Use grep, sed, awk to get content of kMDItemTextContent?

I need to parse the output of mdimport.

[format]mdimport -t -d3 $file [/format]

…dumps many attributes and values to stdout, including kMDItemTextContent.

How can I use grep/awk/sed/etc. to leave me with just the value of kMDItemTextContent? You can use this partial output of mdimport -t -d3 one one of my files as an example.

[format] kMDItemPageHeight = 842;
kMDItemPageWidth = 595;
kMDItemPhysicalSize = 12288;
kMDItemSecurityMethod = None;
kMDItemTextContent = “11/8 - Hash Tag Test Document #HashTag1 this is the first hash tag. #HashTag2 this is the second hash tag. The following hash tag is inside and at the end of a paragraph: #HashTag3 The next hash tag #HashTag4 is in the middle of a paragraph.”;
kMDItemTitle = “11/8 - Hash Tag Test Document”;
kMDItemVersion = “1.3”;
}[/format]

Note - I have seen explicit \n\n characters within the text block for some of my files.

I guess, my more specific question would be, how can I get all of the text between these two delimiters?

[format]kMDItemTextContent = "
[/format]
AND

[format]";[/format]

From Apple’s documentation of kMDItemTextContent:

Hi Shane,

Thanks. Then I’ll need to parse the output of mdimport.

I’ll revise my original post.

  • John

FYI - I found my solution via external help.

[format]mdimport -t -d3 $file | awk -F" ‘/kMDItemTextContent/{print $2}’[/format]

In a do shell script context, I’m finding that the awk delimiter needs to be single-quoted too, otherwise the script throws an error:

do shell script "file=" & quoted form of POSIX path of (choose file) & " ; mdimport -t -d3 $file  | awk -F'\"' '/kMDItemTextContent/{print $2}'"

However, the delimiter approach is no good if the text you’re trying to extract itself contains double-quotes.

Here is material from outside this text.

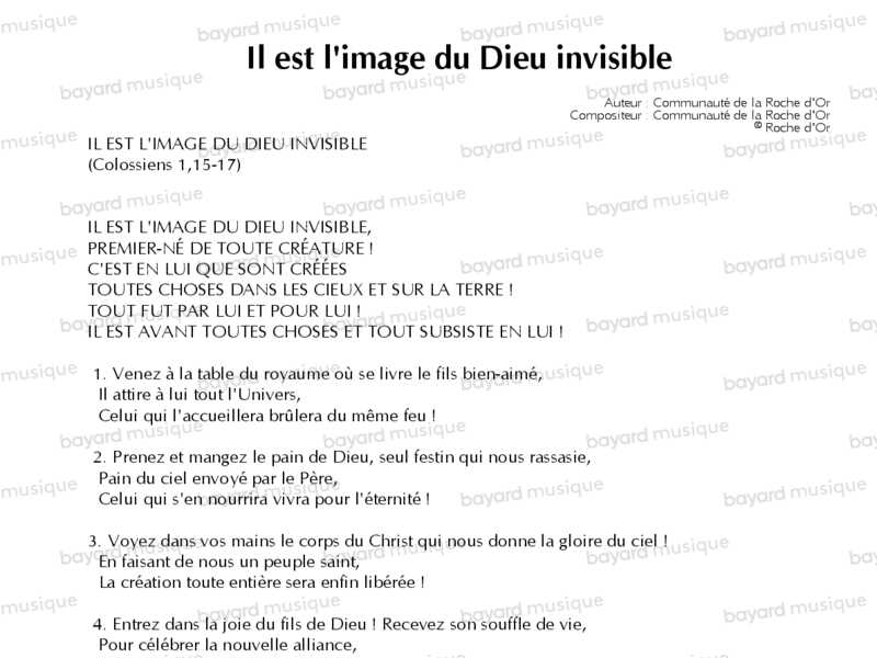D'après l'hymne de saint Paul aux colossiens (Colossiens 1,15-17) chant pour la communion.

This sed alternative seems to handle things well:

do shell script "file=" & quoted form of POSIX path of (choose file) & " ; mdimport -t -d3 $file | sed -En '/kMDItemTextContent/ s/^[^\"]+\"(.+)\";$/\\1/p'"

The field separator doesn’t have to be quoted, and it appears malformed with the trailing backslash. This is okay:

(do shell script "file=" & my (choose file)'s POSIX path's quoted form & " ; mdimport -t -d3 $file | awk -F kMDItemTextContent  '{print $2}' ")'s paragraphs as text

Alternatively and perhaps more reliably:

do shell script "file=" & my (choose file)'s POSIX path's quoted form & " ; mdimport -t -d3 $file | awk 'BEGIN{ RS = \"\\r\"  ; FS = \"kMDItemTextContent\" }  {print $2}' "

Thanks Marc. I have no working knowledge of awk at all. But as far as I can tell, the delimiter in the OP’s code is the double quote, which is backslashed to go in the shell script text. The code finds the line containing “kMDItemTextContent” and returns the second double-quote-delimited field from that.

Your scripts appear to use “kMDItemTextContent” itself as the delimiter. The first returns everything that comes after “kMDItemTextContent” in each line — which means nothing in all the lines but one — and then uses delimiter-ignoring AppleScript code to lose the empty lines. The second returns everything that comes after “kMDItemTextContent” in the entire text, including any following lines.

My sed effort above finds the line containing “kMDItemTextContent” and returns only the text between the outermost double quotes in that line. Ideally, I suppose, it should also make some attempt to reduce the amount of backslashing with any quotes within that text. :rolleyes: